The Gazan Peace Doctor and A Solution for Israel/Palestine?

Dr. Izzeldin Abuelaish, before the successful Gaza War with Hamas
Dr. Izzeldin Abuelaish, before the successful Gaza War with Hamas

At first I was shocked when I read the story of the Gazan peace doctor who has been working with Israelis for years, whose daughters were decapitated and cut to pieces in front of him, from an Israeli shell aimed without care or caution at Hamas.

But then I went through a second stage of reaction when I was warmed by how amazing a reception he received in Israel. His surviving wounded daughter was operated on to save her eye as he was surrounded by sobbing Israeli Jewish colleagues. Here are excerpts from the story:

“I dedicated my life really for peace, for medicine,” said Dr. Abuelaish, who does joint research projects with Israeli physicians and for years has worked as something of a one-man force to bring injured and ailing Gazans for treatment in Israel.

“The Israeli Defense Forces does not target innocents or civilians, and during the operation the army has been fighting an enemy that does not hesitate to fire from within civilian targets,” said the spokesman, speaking anonymously on behalf of the army.
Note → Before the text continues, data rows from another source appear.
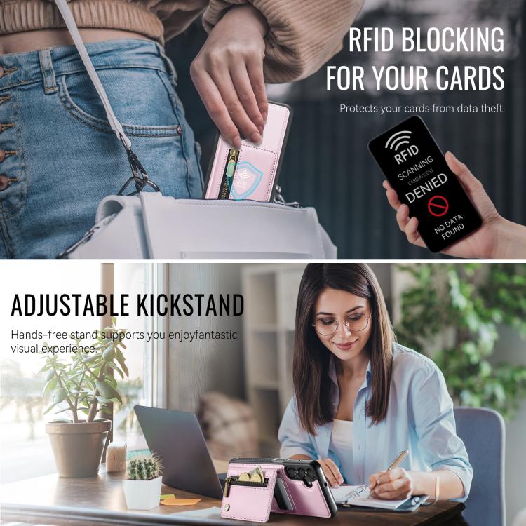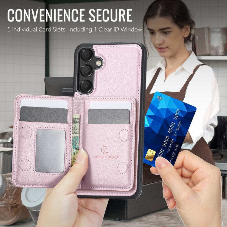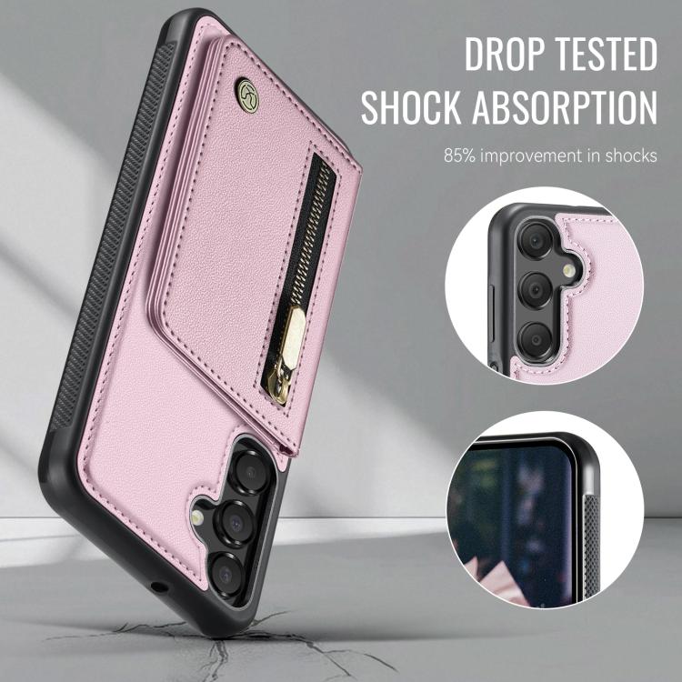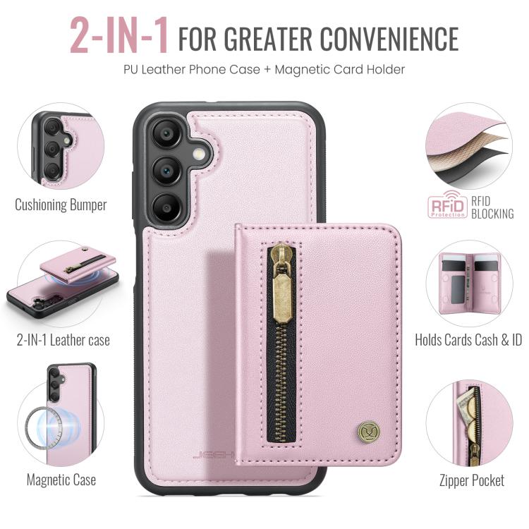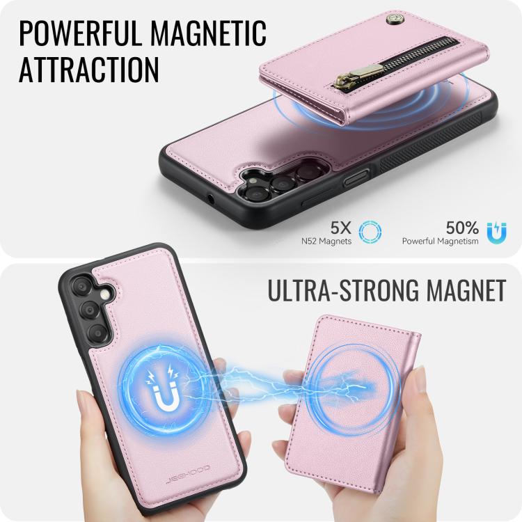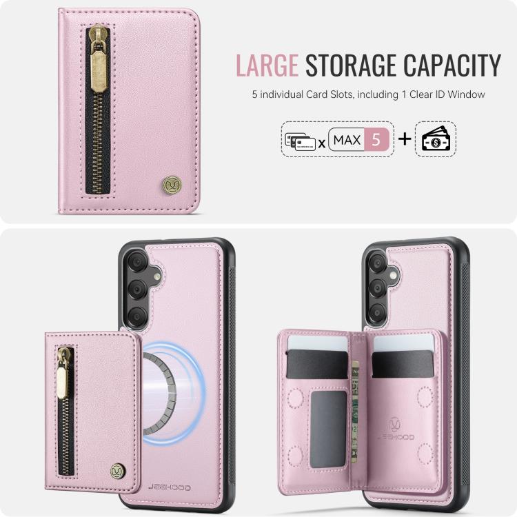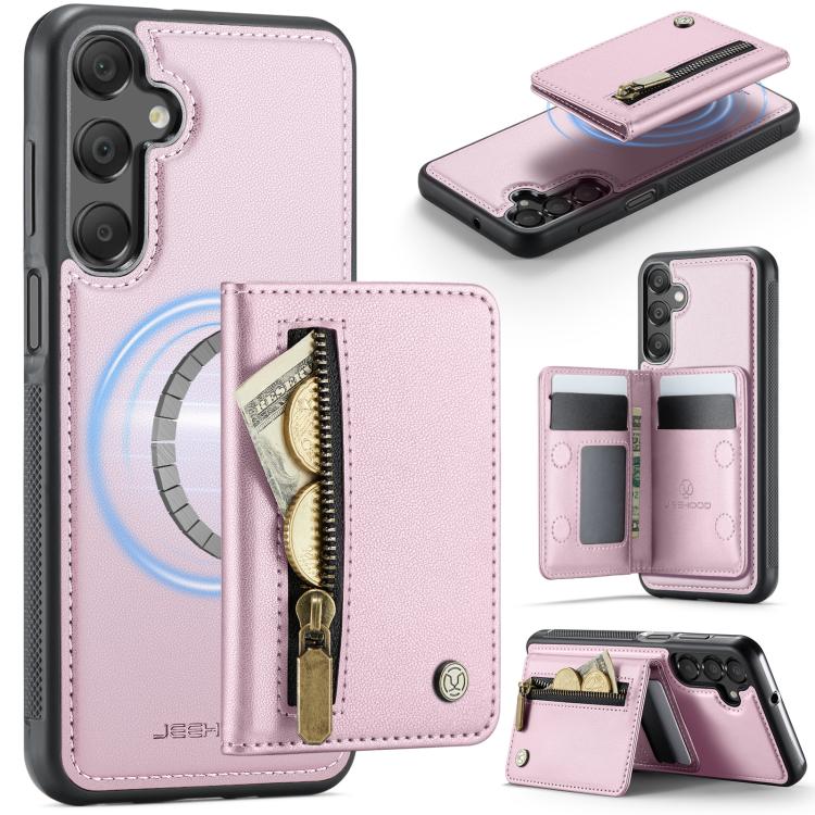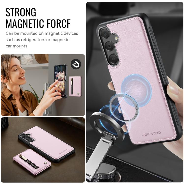 For Samsung Galaxy A15 4G / 5G JEEHOOD J12 Exquisite RFID MagSafe Zipper Card Bag Phone Case(Pink)
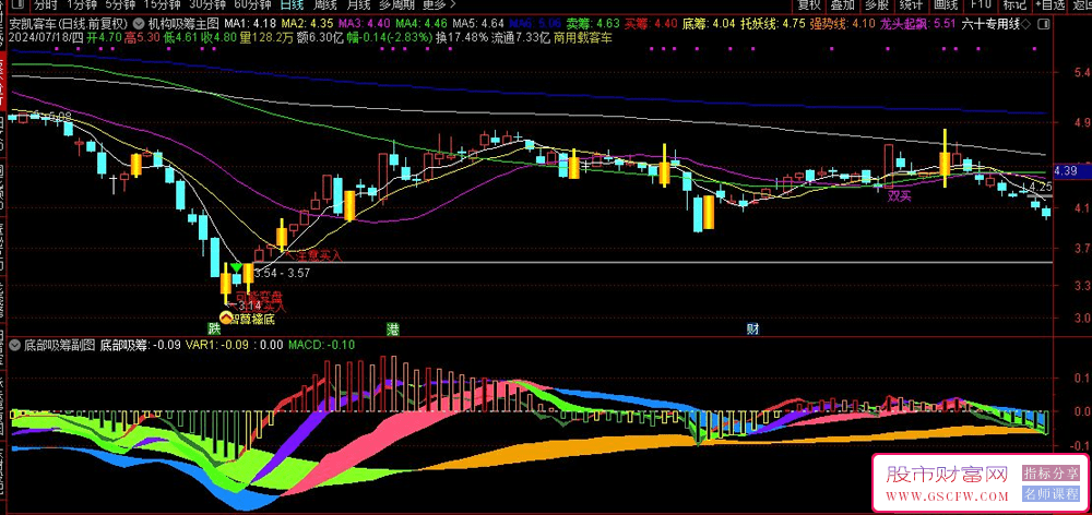 指标名称:通达信“机构抄底 机构吸筹”主副图+选股指标 机构动向一览无余附图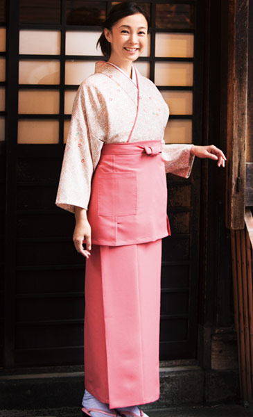 毎日着付けしなくても、きもののような装いができるセパレートタイプの二部式きもの(上衣)。 さっと羽織るだけで簡単に和の装いができるから、忙しい現場でも着替える手間がかかりません。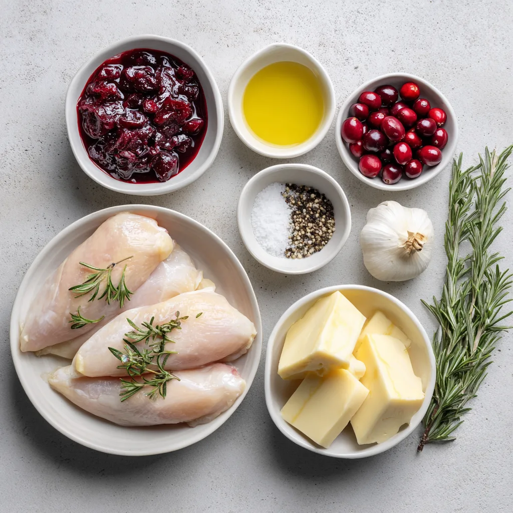 - Stuff the chicken: Spoon a tablespoon or two of cranberry sauce into each pocket, then tuck in a few slices of brie. Sprinkle a pinch of chopped rosemary inside each one. Secure the edges with toothpicks if needed.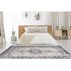 Tapis BOBOCHIC – Tapis Poil Mi-long Rectangulaire CAMEO Motif Vintage 80×150 Anthracite – Anthracite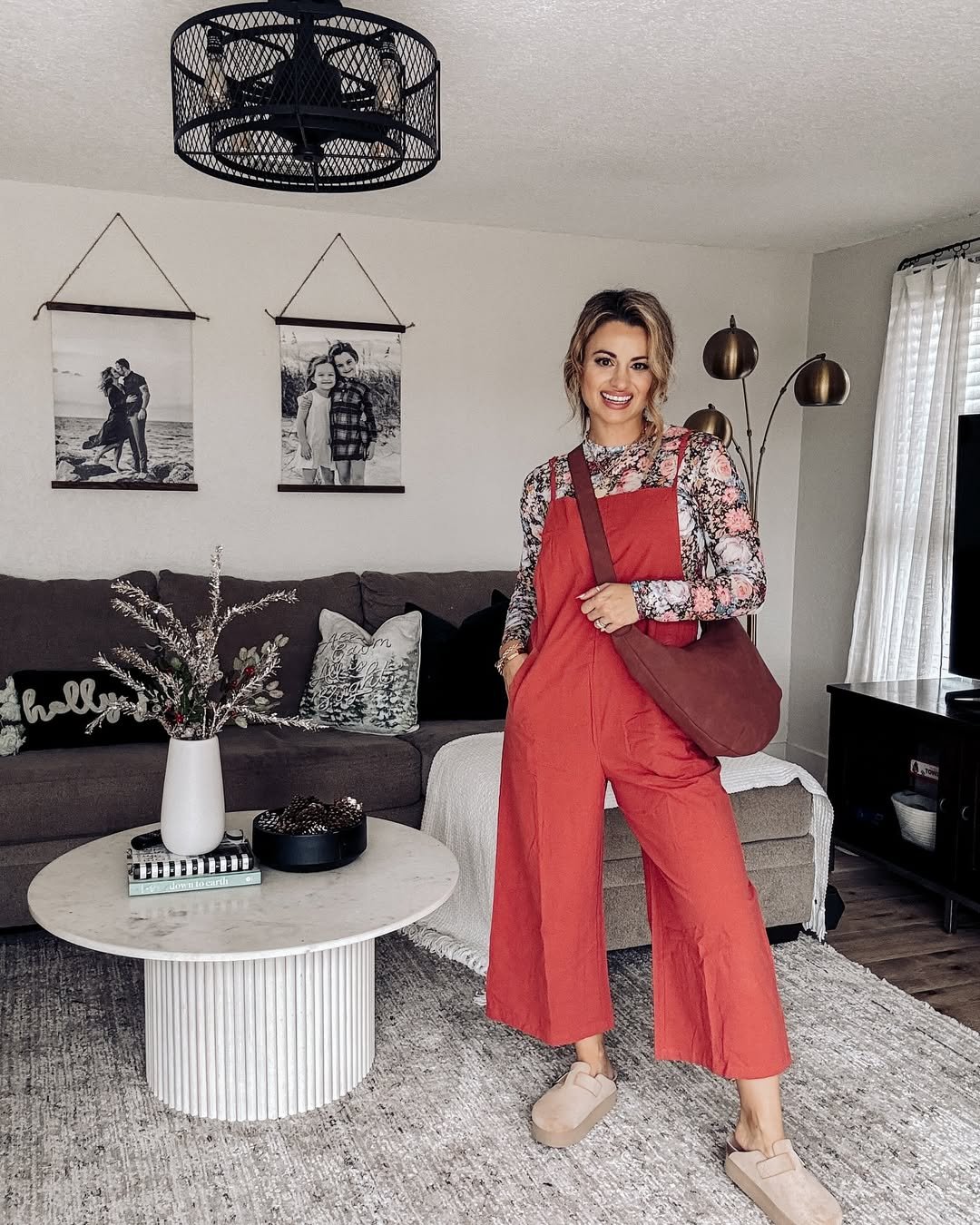 This look feels like a warm hug. The cranberry overalls add a playful twist to the usual fall palette, while the floral long-sleeve underneath keeps it fun and feminine. It’s the perfect mix of cozy and cute — ideal for hosting a family get-together or baking pies in style.

The Israeli public became witness to the Abuelaish family’s tragedy on Friday night when a conversation that a television journalist was having with Dr. Abuelaish was broadcast live.

After the broadcast, an ambulance was sent to a border crossing to pick up the doctor and the two wounded girls. His four other children remain in Gaza and are expected to join him in Israel soon.

At the Chaim Sheba Medical Center at Tel Hashomer on Saturday, Dr. Abuelaish was surrounded by Israeli colleagues. Several were crying. Tammie Ronen, a professor of social work at Tel Aviv University, knelt beside the doctor. “You cannot let yourself collapse, you have your living children to take care of,” said Dr. Ronen. Dr. Ronen had worked with him in researching the effects of conflict-related stress on Palestinian children in Gaza and Israeli children in Sderot, a border town that has been the main target of Gazan rocket fire in recent years.

“Tell them who my children were,” said Dr. Abuelaish, spotting Anael Harpaz, an Israeli woman who runs a peace camp in New Mexico for Israeli and Palestinian girls that three of his daughters attended, including his eldest, Bisan, 20, who was killed Friday. The other two daughters who were killed were Mayar, 15, and Aya, 13. The doctor’s niece who died, Nur Abuelaish, was 17.

Dr. Abuelaish recalled that it was Bisan who, after her mother died of leukemia, urged him to continue his work in Israel, saying she would look after the younger children.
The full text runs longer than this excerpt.